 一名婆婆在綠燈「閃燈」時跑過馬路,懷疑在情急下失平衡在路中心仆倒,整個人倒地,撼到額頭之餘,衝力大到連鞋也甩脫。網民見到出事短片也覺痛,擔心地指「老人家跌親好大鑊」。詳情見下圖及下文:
==
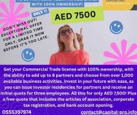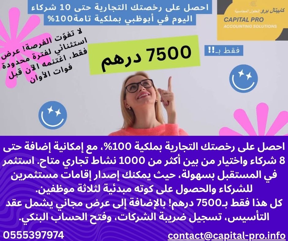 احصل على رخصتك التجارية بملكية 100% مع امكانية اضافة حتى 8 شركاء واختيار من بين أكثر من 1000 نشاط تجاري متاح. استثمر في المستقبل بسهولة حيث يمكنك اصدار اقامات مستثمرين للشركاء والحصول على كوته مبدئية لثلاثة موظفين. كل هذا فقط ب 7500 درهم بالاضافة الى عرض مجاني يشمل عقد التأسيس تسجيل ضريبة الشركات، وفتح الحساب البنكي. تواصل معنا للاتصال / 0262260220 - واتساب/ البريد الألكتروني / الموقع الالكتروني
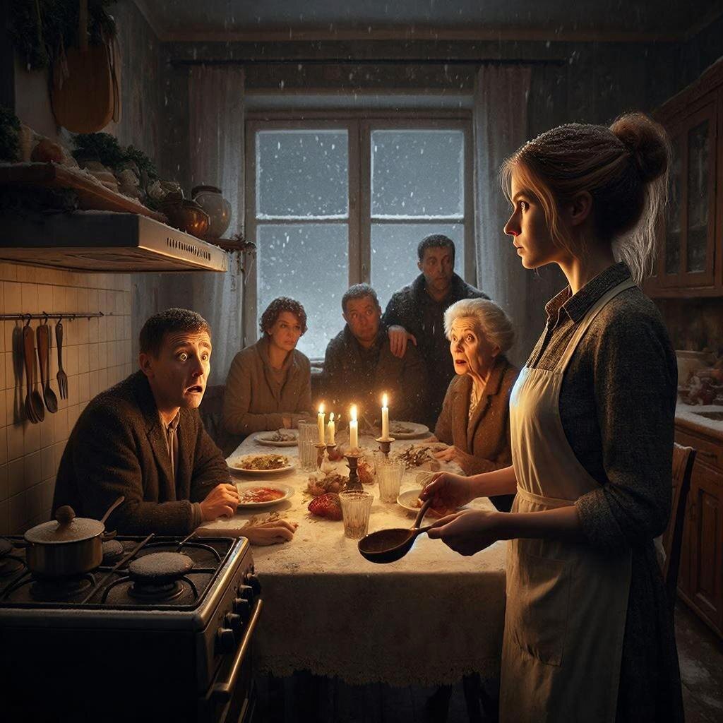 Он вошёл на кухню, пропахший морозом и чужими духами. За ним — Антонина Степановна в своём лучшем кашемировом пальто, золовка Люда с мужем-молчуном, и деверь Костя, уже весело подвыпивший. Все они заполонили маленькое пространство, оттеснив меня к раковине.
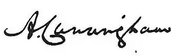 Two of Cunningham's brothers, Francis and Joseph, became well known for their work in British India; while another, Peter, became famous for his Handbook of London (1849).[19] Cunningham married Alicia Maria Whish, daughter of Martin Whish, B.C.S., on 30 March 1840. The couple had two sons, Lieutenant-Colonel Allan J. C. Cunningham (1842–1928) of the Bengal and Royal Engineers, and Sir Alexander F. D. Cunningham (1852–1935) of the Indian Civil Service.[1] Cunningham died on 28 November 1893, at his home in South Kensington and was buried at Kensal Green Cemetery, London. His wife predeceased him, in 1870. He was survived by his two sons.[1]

[EXERCISE OBJECTIVE]
In the data above, find the line containing "Он вошёл на" and the line containing "Two of Cunningham's". Repeat those two lines and everything between them exactly, minus the pictures.

[RESPONSE AREA]
 Он вошёл на кухню, пропахший морозом и чужими духами. За ним — Антонина Степановна в своём лучшем кашемировом пальто, золовка Люда с мужем-молчуном, и деверь Костя, уже весело подвыпивший. Все они заполонили маленькое пространство, оттеснив меня к раковине.
 Two of Cunningham's brothers, Francis and Joseph, became well known for their work in British India; while another, Peter, became famous for his Handbook of London (1849).[19] Cunningham married Alicia Maria Whish, daughter of Martin Whish, B.C.S., on 30 March 1840. The couple had two sons, Lieutenant-Colonel Allan J. C. Cunningham (1842–1928) of the Bengal and Royal Engineers, and Sir Alexander F. D. Cunningham (1852–1935) of the Indian Civil Service.[1] Cunningham died on 28 November 1893, at his home in South Kensington and was buried at Kensal Green Cemetery, London. His wife predeceased him, in 1870. He was survived by his two sons.[1]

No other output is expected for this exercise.